■ Activity
Go through the listing beneath and show each line containing the string "highly".

■ Data extracts
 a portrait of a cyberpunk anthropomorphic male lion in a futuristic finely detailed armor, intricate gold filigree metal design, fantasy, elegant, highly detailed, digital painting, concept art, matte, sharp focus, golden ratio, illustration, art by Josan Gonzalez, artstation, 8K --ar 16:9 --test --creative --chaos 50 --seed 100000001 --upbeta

* * *

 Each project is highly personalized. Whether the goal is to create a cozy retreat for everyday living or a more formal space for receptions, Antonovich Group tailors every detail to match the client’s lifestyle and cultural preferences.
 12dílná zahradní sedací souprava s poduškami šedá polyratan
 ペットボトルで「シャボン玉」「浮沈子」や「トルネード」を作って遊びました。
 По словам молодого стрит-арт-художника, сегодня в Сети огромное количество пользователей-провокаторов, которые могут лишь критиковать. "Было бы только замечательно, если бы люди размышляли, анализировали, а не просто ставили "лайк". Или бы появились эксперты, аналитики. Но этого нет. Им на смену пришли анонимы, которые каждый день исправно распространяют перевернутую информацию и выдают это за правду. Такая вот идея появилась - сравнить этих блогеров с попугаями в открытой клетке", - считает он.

■ Response
 a portrait of a cyberpunk anthropomorphic male lion in a futuristic finely detailed armor, intricate gold filigree metal design, fantasy, elegant, highly detailed, digital painting, concept art, matte, sharp focus, golden ratio, illustration, art by Josan Gonzalez, artstation, 8K --ar 16:9 --test --creative --chaos 50 --seed 100000001 --upbeta
 Each project is highly personalized. Whether the goal is to create a cozy retreat for everyday living or a more formal space for receptions, Antonovich Group tailors every detail to match the client’s lifestyle and cultural preferences.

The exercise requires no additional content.